Rusty Taco now has 36 units with the opening by a franchisee in Idaho in the first quarter, and another six are expected this year. The Idaho unit is a partnership with convenience store operator Good 2 Go, and Gala said they may do more. The company is also looking at other non-traditional locations, like universities, airports and stadiums.
Under GCP, Rusty Taco has also been slowly rolling out breakfast catering in the Dallas market, with some stores also adding breakfast to the regular menu.
“We think that could be a really interesting opportunity to grow,” Gala said. Others are beefing up the bar component, particularly near colleges. There’s more evolution to come as Gala works with existing franchisees.
“We have been very, very focused on operation simplification. I think many brands, over time, become more complicated, with more menu items or more single use SKUs,” he said. Rusty Taco has gone through a menu review and rationalization, and the chain is in the process of rolling out new menus. A new birria LTO, for example, has been a hit. A loyalty program is in the works.
Next year, Rusty Taco may add one or two corporate locations to the growth pipeline, he added. But for now, the focus is on strengthening the brand for existing franchisees and then opening it to operators within the GCP family and outsiders.
“We feel like we’ve got a really good business here and we’ve got a really good roadmap with this plan,” he said. “We’ve executed it with other brands and they’ve successfully moved from, maybe, challenging times to definitely more successful times. We think we can do the same here.”
One to watch
Observers like taco expert Ralat say Tacombi may be the chain to watch.
Founded in 2010 in New York City by Dario Wolos, whose mother is originally from Monterrey, Mexico, Tacombi is a variation of a taco concept he first attempted in Mexico, operating out of a Volkswagen bus on the beach at Playa del Carmen.
With 16 units open, Tacombi has plans to reach 75 units over the next four years. Built into the brand’s DNA is a consumer packaged goods component, which includes a line of tortillas, chips and frozen burritos under the Vista Hermosa brand, which are available in more than 2,000 retail outlets.

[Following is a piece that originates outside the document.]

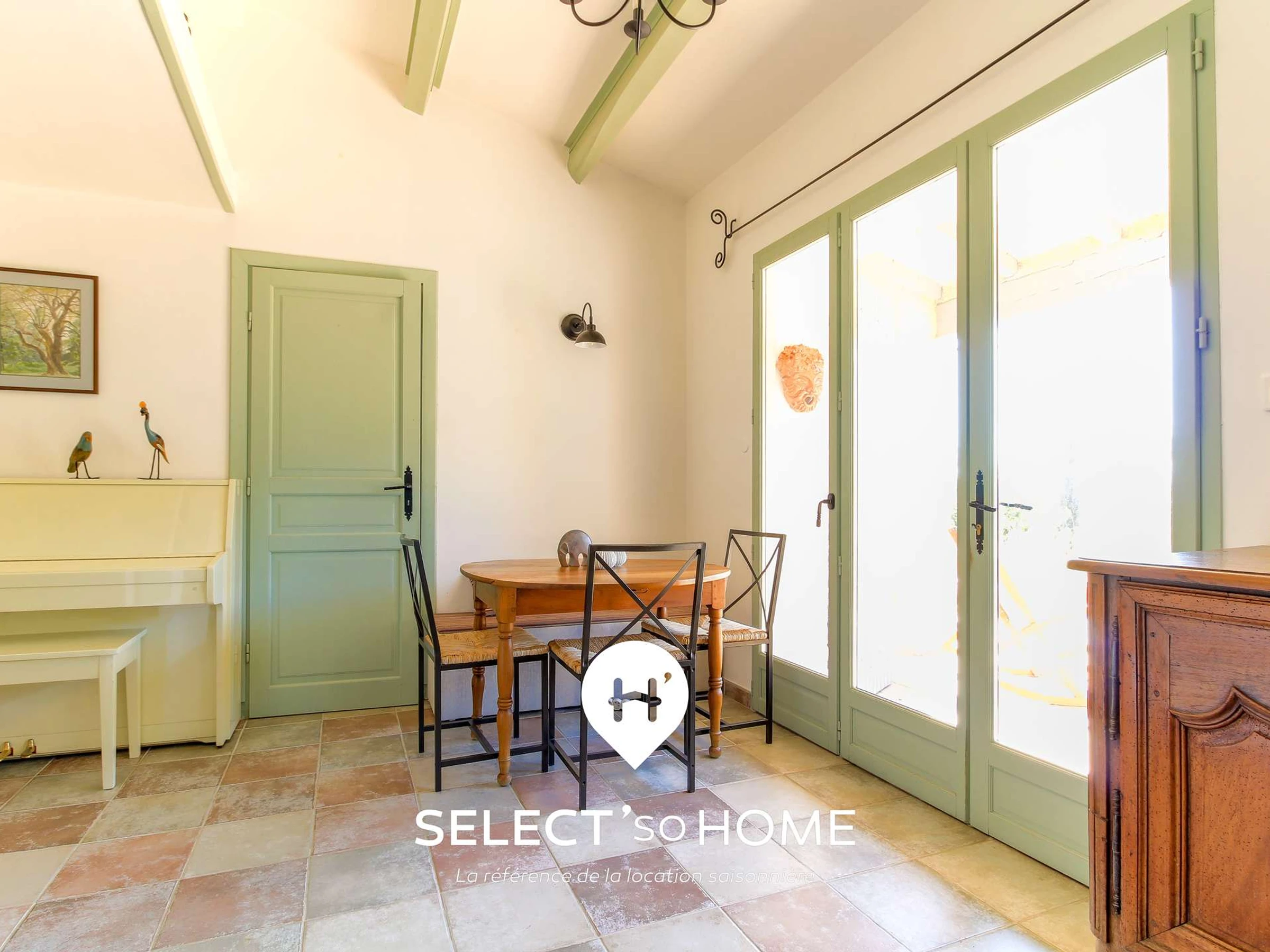 It all starts with a charming façade, tucked into a lush Mediterranean garden. Step inside, and you’re welcomed by timeless character: terracotta floors, pale green beams, handpicked vintage furniture blending authenticity and comfort. The sunlit living room flows into a cosy dining area - perfect for candlelit dinners or laid-back lunches. The kitchen? Fully equipped and ready for anything, from homemade feasts to market-bought delicacies (or just reheating yesterday’s pizza - we don’t judge).

Rather than franchising, Tacombi is using a managing partner model, similar to that of Texas Roadhouse, offering equity to managers with the goal of instilling an owner-operator mentality.
This year, Tacombi is expected to open in Miami and Chicago, as well as greater New York. Last week, for example, the company opened its first stand-alone unit in Westbury, N.Y.
At Tacombi, the menu is relatively streamlined, with a traditional lineup of tacos and tostadas, quesadillas, burritos and breakfast tacos, Mexican-style cocktails, beer and wine.
In April, Tacombi hired acclaimed Mexican chef Carmen Miranda to lead culinary innovation for the brand out of a new Test Cocina at the chain’s Empire State Building location.
Miranda sold tamales on the street in Mexico with her mother before beginning her career as a chef, staging at restaurants in Chicago, Bangkok and France, and later winning the seventh season of “MasterChef Mexico.” She’s also a specialist in nixtamalization, a traditional maize process, and she will work with the Vista Hermosa brand, the company said.
Wolos described Miranda as “a strong fit” for the company as it moves forward with its growth plan.
“Her journey is inspirational—from learning her craft in the competitive landscape of Mexican street stalls, to her work with culinary artists and Michelin-starred chefs, she’s maintained an approach to excellence that’s an homage to Mexico’s traditions,” he said in a statement. “Her vision is aligned with our passion to deliver the most delicious tacos anywhere—from the richness of a handmade tortilla, to the fresh, seared Pacific fish, to the simple luxury of an avocado tostada alongside a Spiked Hibiscus margarita.”